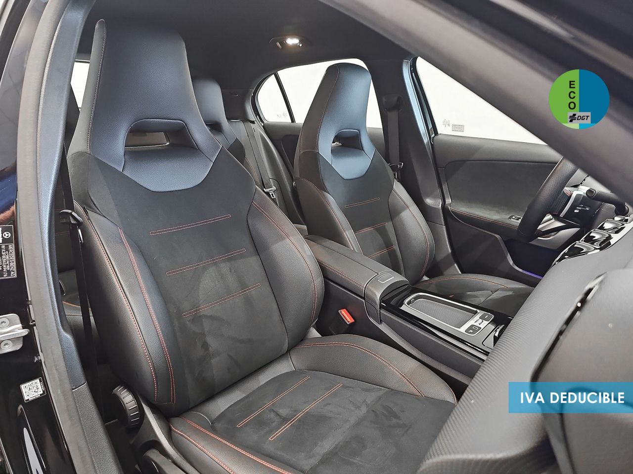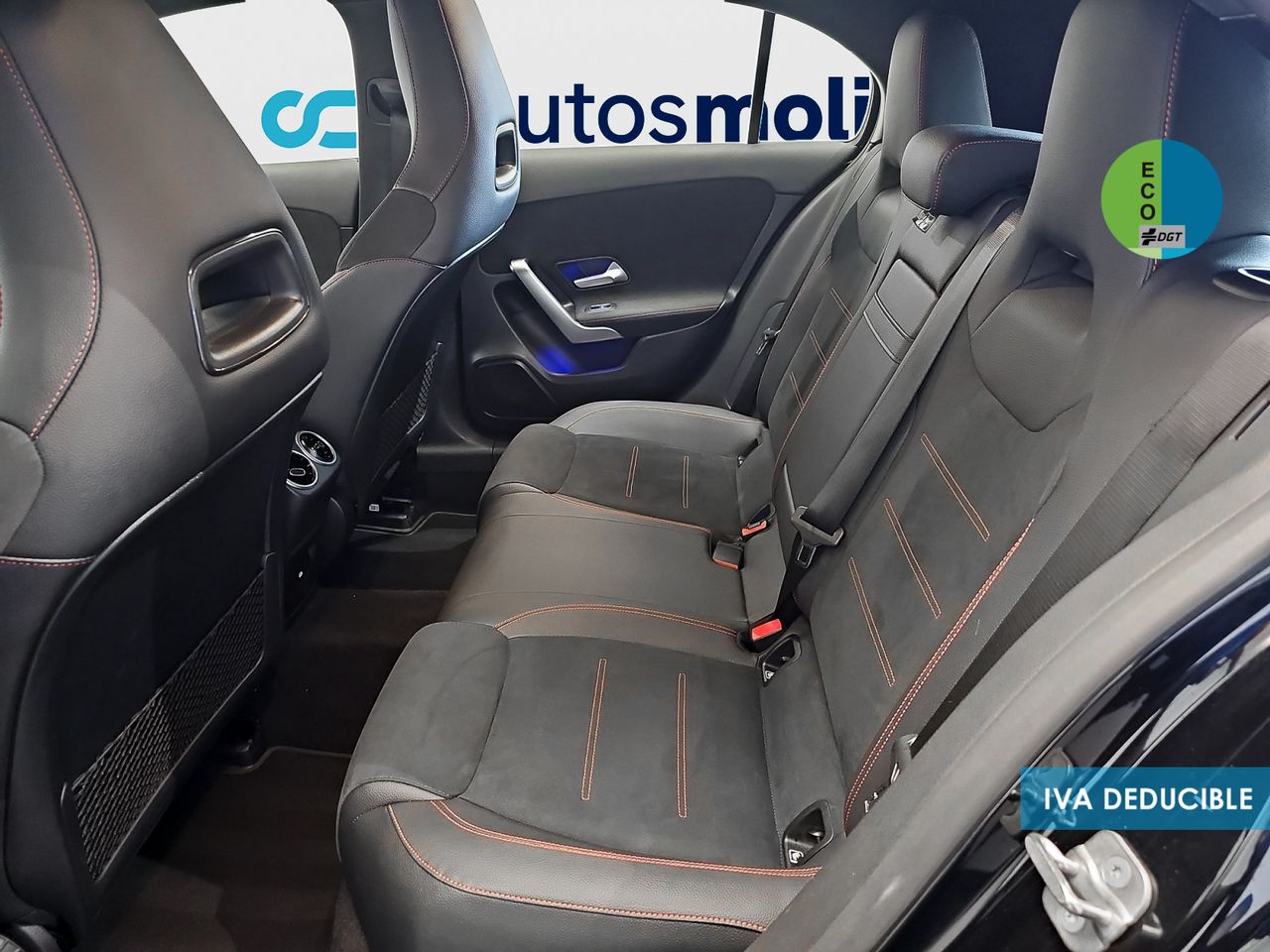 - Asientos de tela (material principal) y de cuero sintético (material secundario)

******************************

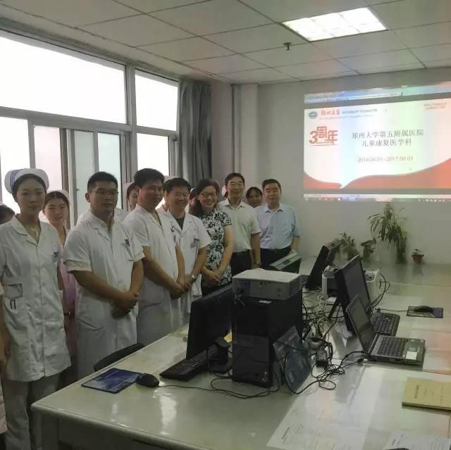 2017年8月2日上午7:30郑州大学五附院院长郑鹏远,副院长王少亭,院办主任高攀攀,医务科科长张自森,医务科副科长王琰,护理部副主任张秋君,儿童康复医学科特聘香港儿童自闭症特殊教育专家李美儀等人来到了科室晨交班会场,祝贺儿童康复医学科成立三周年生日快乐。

******************************

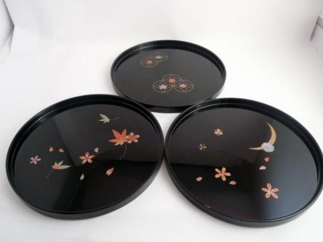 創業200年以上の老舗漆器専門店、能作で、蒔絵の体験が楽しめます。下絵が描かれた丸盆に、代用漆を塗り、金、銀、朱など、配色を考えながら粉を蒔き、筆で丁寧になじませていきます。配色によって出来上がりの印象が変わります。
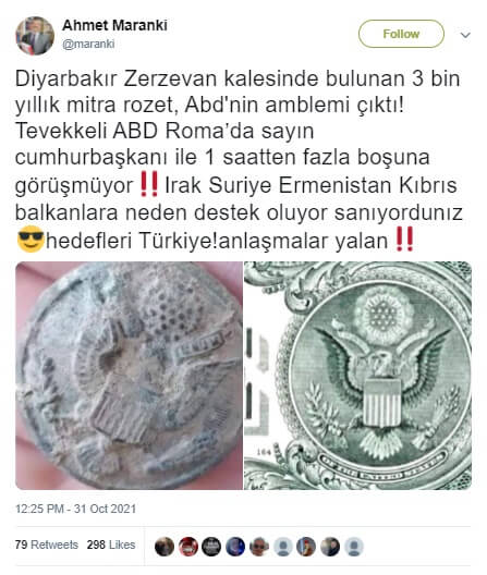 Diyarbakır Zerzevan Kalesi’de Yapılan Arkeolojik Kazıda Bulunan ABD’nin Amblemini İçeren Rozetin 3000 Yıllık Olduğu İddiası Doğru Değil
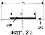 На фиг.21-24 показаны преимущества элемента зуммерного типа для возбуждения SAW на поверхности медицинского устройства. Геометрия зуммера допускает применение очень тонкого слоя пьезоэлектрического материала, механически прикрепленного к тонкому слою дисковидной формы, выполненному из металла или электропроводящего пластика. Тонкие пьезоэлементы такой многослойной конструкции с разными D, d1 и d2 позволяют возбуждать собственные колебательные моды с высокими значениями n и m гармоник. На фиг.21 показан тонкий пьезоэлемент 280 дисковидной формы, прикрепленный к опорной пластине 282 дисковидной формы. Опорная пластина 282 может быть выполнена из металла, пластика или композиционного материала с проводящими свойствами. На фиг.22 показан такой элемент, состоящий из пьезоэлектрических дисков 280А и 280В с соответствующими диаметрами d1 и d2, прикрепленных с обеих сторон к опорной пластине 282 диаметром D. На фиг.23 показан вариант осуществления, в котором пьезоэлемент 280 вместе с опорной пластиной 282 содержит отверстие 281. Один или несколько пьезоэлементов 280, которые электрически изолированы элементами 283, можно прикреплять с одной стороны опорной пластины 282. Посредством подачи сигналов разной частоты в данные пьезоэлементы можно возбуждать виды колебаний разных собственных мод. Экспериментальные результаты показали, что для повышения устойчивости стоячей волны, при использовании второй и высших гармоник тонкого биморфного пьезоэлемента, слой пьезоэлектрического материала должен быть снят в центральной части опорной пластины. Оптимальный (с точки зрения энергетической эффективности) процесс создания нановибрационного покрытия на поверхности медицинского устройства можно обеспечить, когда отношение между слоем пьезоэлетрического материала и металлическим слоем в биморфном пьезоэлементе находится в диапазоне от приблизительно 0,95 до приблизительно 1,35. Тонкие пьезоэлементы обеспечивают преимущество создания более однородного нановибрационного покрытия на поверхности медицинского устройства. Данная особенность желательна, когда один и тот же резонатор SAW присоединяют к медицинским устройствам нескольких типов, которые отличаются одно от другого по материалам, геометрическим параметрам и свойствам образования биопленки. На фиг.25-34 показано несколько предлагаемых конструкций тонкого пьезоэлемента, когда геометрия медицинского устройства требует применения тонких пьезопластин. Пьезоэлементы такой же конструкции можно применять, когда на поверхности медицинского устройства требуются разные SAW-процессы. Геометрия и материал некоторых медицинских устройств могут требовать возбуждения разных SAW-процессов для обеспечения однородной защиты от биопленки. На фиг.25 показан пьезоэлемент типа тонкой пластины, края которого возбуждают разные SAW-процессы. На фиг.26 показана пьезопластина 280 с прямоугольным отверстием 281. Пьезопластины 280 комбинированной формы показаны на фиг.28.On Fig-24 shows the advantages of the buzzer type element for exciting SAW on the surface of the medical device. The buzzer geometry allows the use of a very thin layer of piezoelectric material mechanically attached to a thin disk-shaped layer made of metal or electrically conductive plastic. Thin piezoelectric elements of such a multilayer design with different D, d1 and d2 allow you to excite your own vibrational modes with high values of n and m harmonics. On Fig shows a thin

******************************

• _WHAT IS EXPECTED_
Transcribe the listing above exactly, but only from the line with "創業200年以上の老舗漆器専" through the line with "Diyarbakır Zerzevan Kalesi’de". Include both of those lines and omit the pictures.

• _RESPONSE BELOW_
 創業200年以上の老舗漆器専門店、能作で、蒔絵の体験が楽しめます。下絵が描かれた丸盆に、代用漆を塗り、金、銀、朱など、配色を考えながら粉を蒔き、筆で丁寧になじませていきます。配色によって出来上がりの印象が変わります。
 Diyarbakır Zerzevan Kalesi’de Yapılan Arkeolojik Kazıda Bulunan ABD’nin Amblemini İçeren Rozetin 3000 Yıllık Olduğu İddiası Doğru Değil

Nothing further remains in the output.